Gain familiarity with models and methods to be used in the project. Perform initial work on calibrating an IBM for sea bass using existing approaches, paying particular attention to the deficiencies of these approaches. Cefas will support training in use of the packages and models and to understand the ultimate aims for the models that we are developing. In addition, the student will be encouraged to meet and interact with other marine scientists, learn about the science policy interface, and have access to Cefas training courses.
Develop new methods for calibrating complex multiparameter models. The main focus is on the following three areas:
- Expensive simulators. Develop methods that are computationally feasible despite the use of models that take a long time to run.
- High dimensional ABC. Investigate the accuracy of existing approaches to high dimensional ABC, developing improvements where necessary, particularly to enable model comparison.
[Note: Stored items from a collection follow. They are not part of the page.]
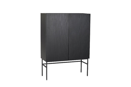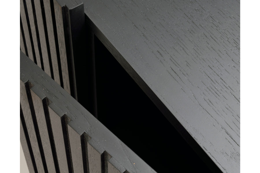 Halifax cabinet in black lacquered oak with black metal legs. The surface consists of solid acrylics on veneers and has two practical shelves, one of which is adjustable. The doors have a soft-closing function.
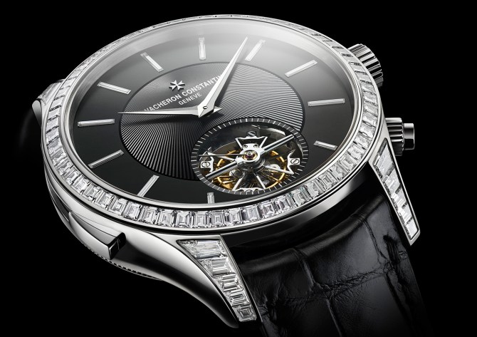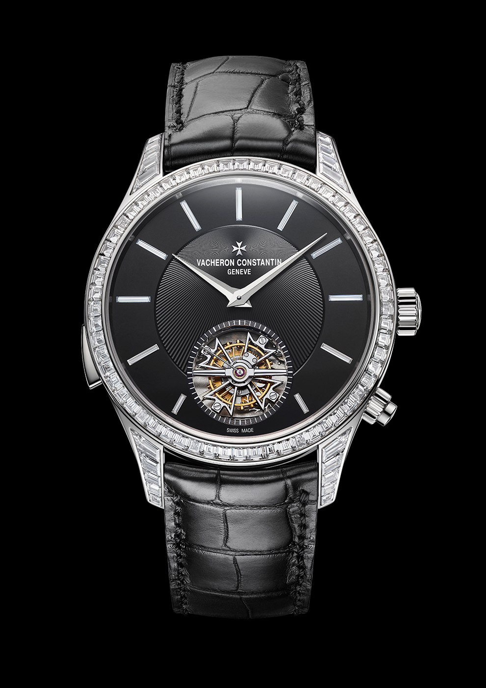 Na głównej tarczy umieszczono wskazanie bieżącego czasu. Czarna powierzchnia cyferblatu została w centralnej części ozdobiona giloszowanym wzorem. Na zewnętrznym pierścieniu umieszczono indeksy godzinowe, które wykonano z diamentów. Ponad całością przesuwają się wskazówki wyprodukowane z białego złota. Na godzinie 6 umieszczono wycięcie przez którą widoczny jest moduł obiegowego wychwytu, który połączony jest z tzw. małą sekundą.
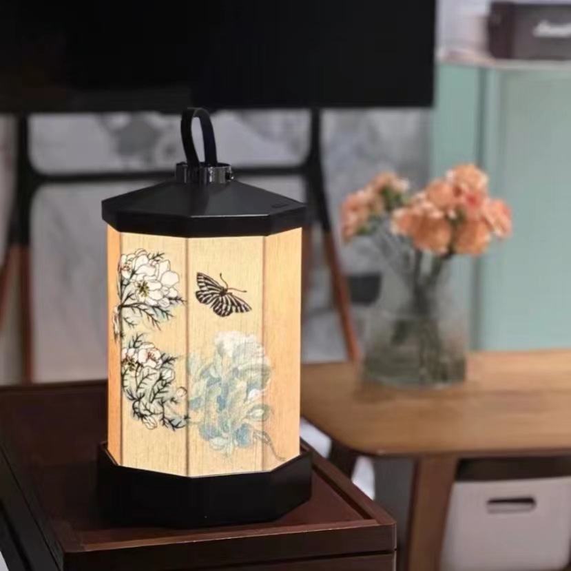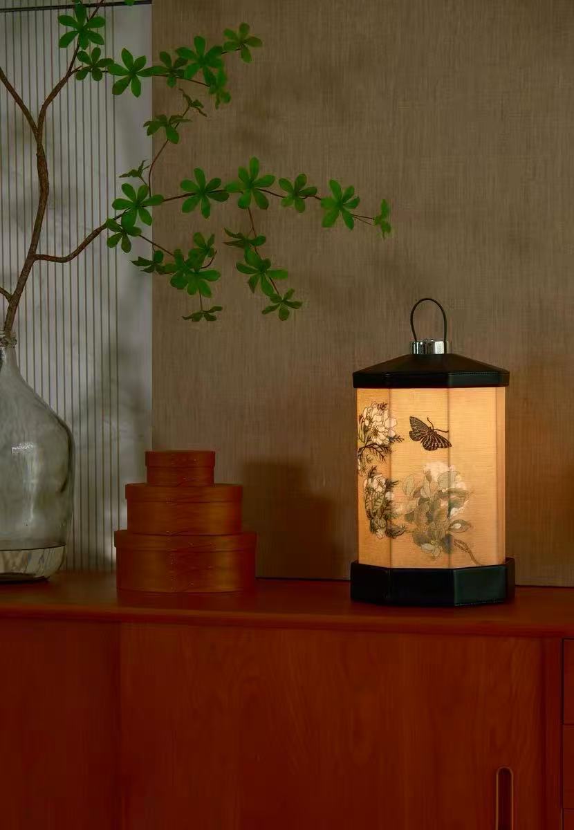 知春来触控无线充电手提台灯卧室床头灯高级感夜灯刺绣新中式台灯

- Estimating model error. To develop statistical methods for estimating the error in IBMs; to gain an understanding of this error, and thereby to improve the accuracy with which models are fitted to data.
Apply methods developed above to IBMs developed at Cefas and the University of Reading. Assess the accuracy of their estimates of posteriors using coverage and show how the uncertainty of predictions can be described. Investigate the use of our new methods in other applications such as data assimilation, as used in weather forecasting.
Deploy our recommended methods to the ICES (International Council for the Exploration of the Sea) secretariat and other environmental management agencies.
The student will be able to spend up to 3 months at Cefas. The student would take advantage of this when close collaboration with Cefas would be desirable.
- Beaumont (2010) “ABC in Evolution and Ecology.” Annual Review of Ecology, Evolution, and Systematics 41: 379–406.
- Didelot et al. (2011) “Likelihood-Free Estimation of Model Evidence.” Bayesian Analysis 6 (1): 49–76.
- Prangle et al. (2016) “A Rare Event Approach to High Dimensional ABC.” Arxiv.
- van der Vaart et al. (2016) “Predicting How Many Animals Will Be Where: How to Build, Calibrate and Evaluate IBMs.” Ecological Modelling 326: 113–23.
This project is about the development, implementation, and application of statistical algorithms. As such, most of the work will involve doing either mathematics or coding. None of this work would be directly affected by a pandemic. The effect of a pandemic would be on the interaction between the team members, for planning the direction of the project and fixing problems that arise (e.g. debugging code). If required, in-person meetings could be replaced by video calls, with these taking place more often at times when the student requires more support.